Narra Agustín
Con la expansión completada y el legado de la Academia asegurado, Tamara y yo decidimos que era hora de pasar la antorcha. Habíamos entrenado a líderes competentes (incluyendo a Lucas, que se unió al equipo de expansión después de la universidad, aplicando su sentido de la simetría a la planificación de campus).
A los sesenta años, estábamos sentados en nuestra cabaña de playa, el lugar donde nuestra luna de miel había fallado gloriosamente.
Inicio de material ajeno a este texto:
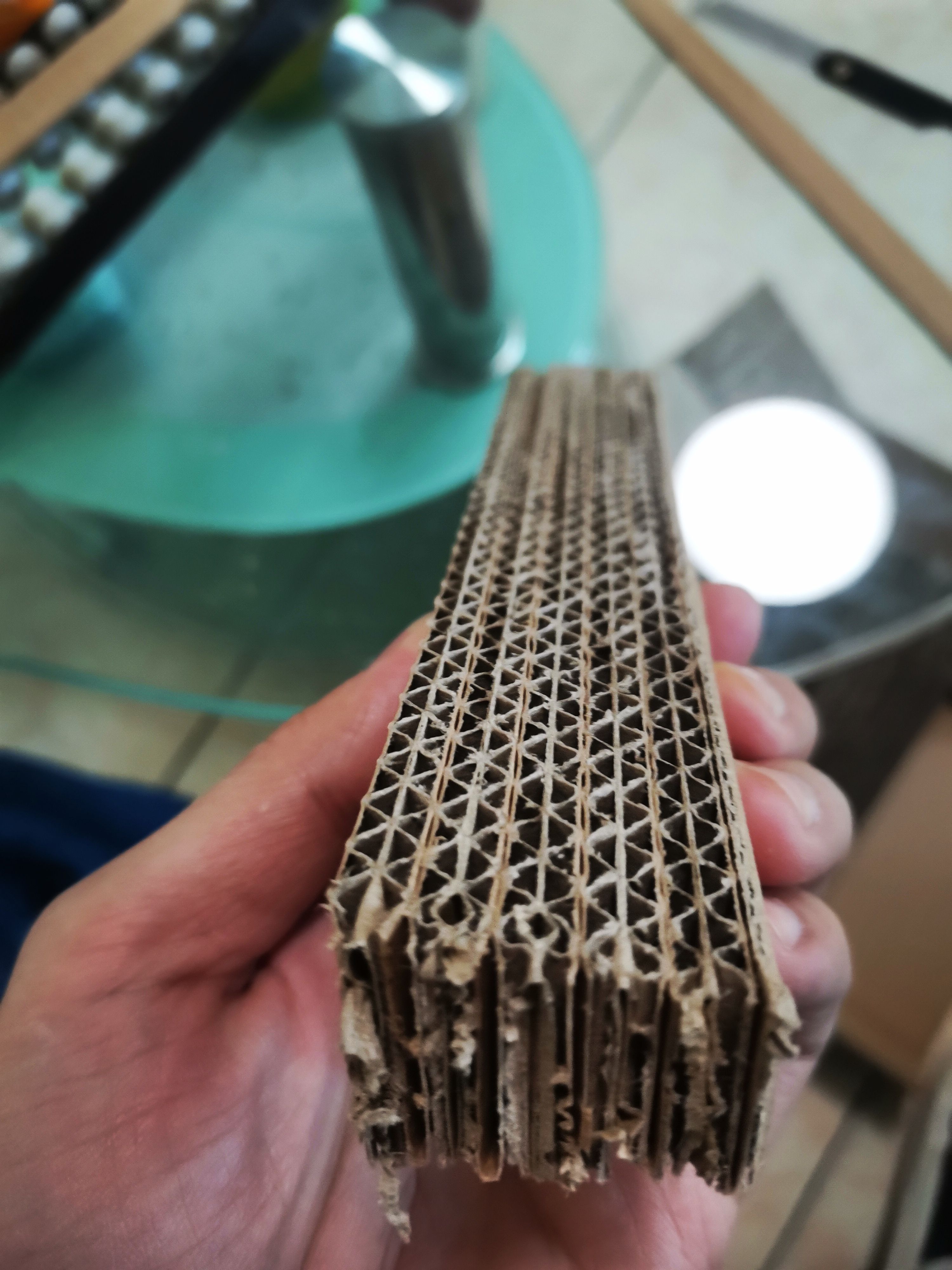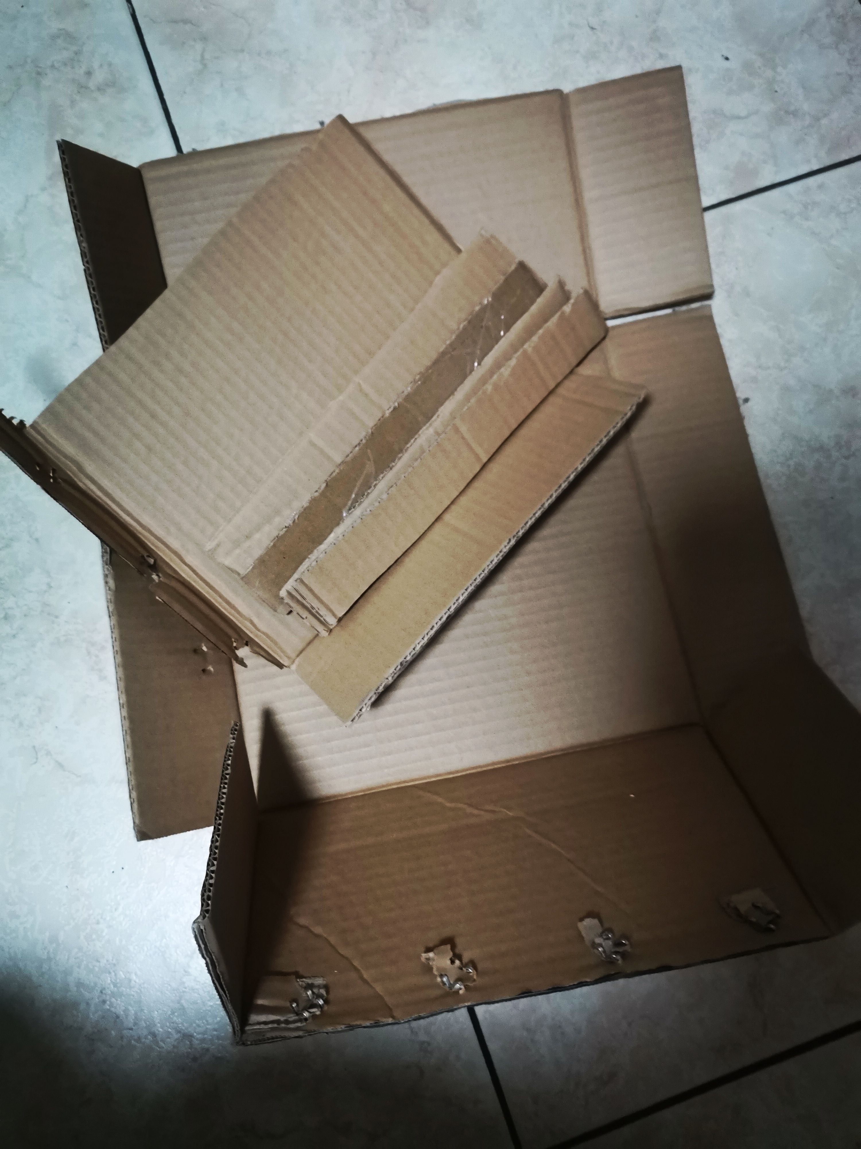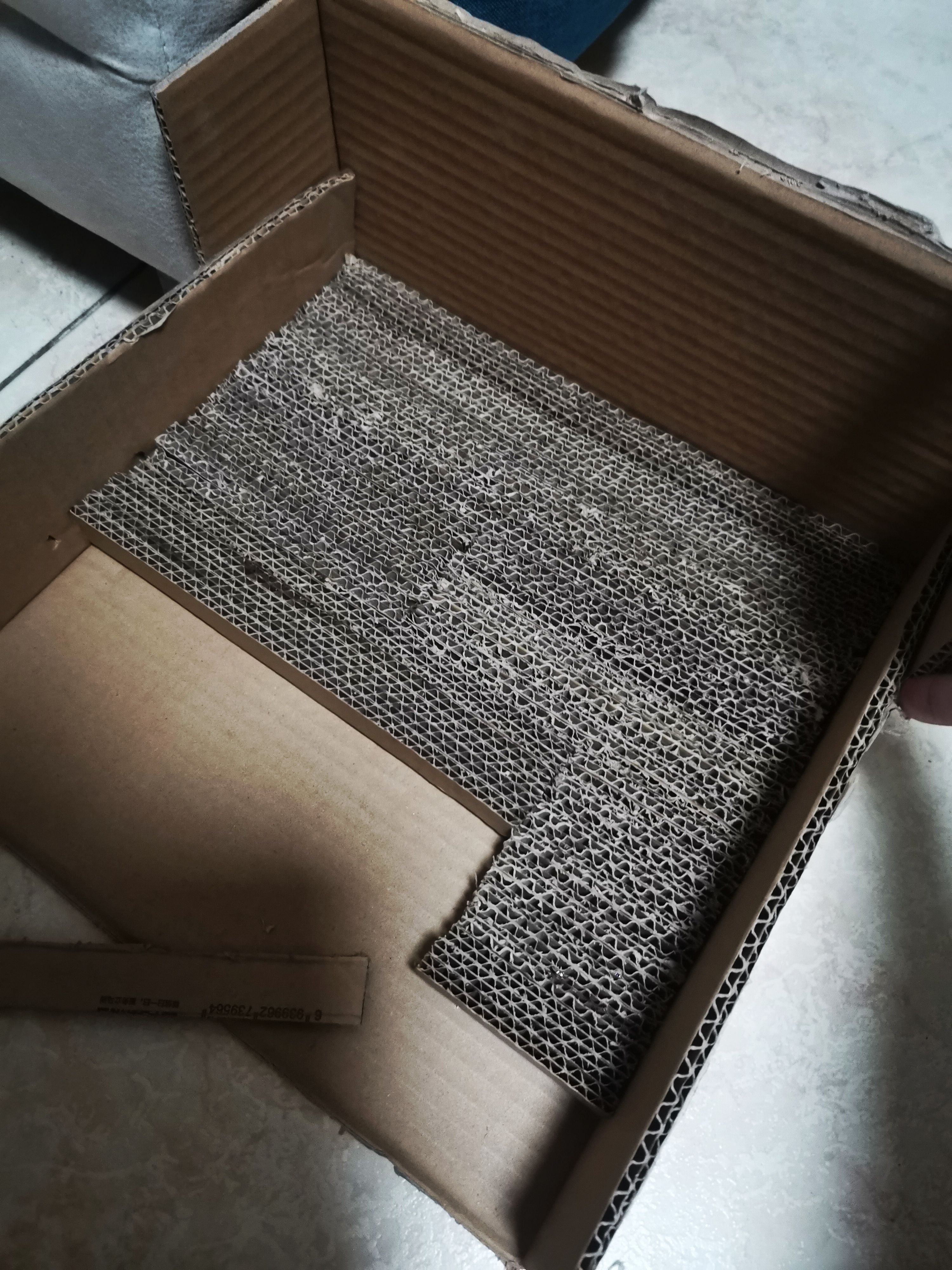 📦 准备不要的快递箱,看好尺寸裁成条。不要顺着纹路裁(裁完后横截面有好多孔✓)粘一起,粘成一块儿猫抓板做底座

El mar era el único caos que ahora teníamos que gestionar.
Tamara me entregó un mapa arrugado y manchado de sal. El mapa roto de nuestra luna de miel.
—Lo encontré mientras revisaba los documentos de transferencia —dijo, nostálgica—. Nuestro primer contrato fallido.
—No falló, Tami. Nos enseñó que nuestro amor no necesita una estructura externa para sobrevivir —dije, sonriendo.
En esa tarde, lejos de los informes y las juntas, hablamos del verdadero legado que dejamos a nuestros hijos:
A Lucas: La lección de que el valor reside en la vulnerabilidad, y que es más importante ser el hombre que ama sinceramente que el líder más popular.
A Elena Victoria: La comprensión de que la estructura es una herramienta, no una prisión, y que su mente brillante puede usarse tanto para hacer el bien social como para generar ganancias.
La vida se había ralentizado hasta convertirse en la rutina que tanto había temido, pero ahora la amaba. Despertar sin una lista de crisis, solo con la certeza de que Tamara estaba a mi lado, era la verdadera riqueza.
—¿Estás contenta con el final, Administradora? —pregunté, tomando su mano.
—No es el final, Agustín. Es el modelo de negocio definitivo —dijo, recostándose en mi hombro—. Amor incondicional, expansión familiar y una estructura tan fuerte que puede soportar cualquier tormenta. Lo logramos.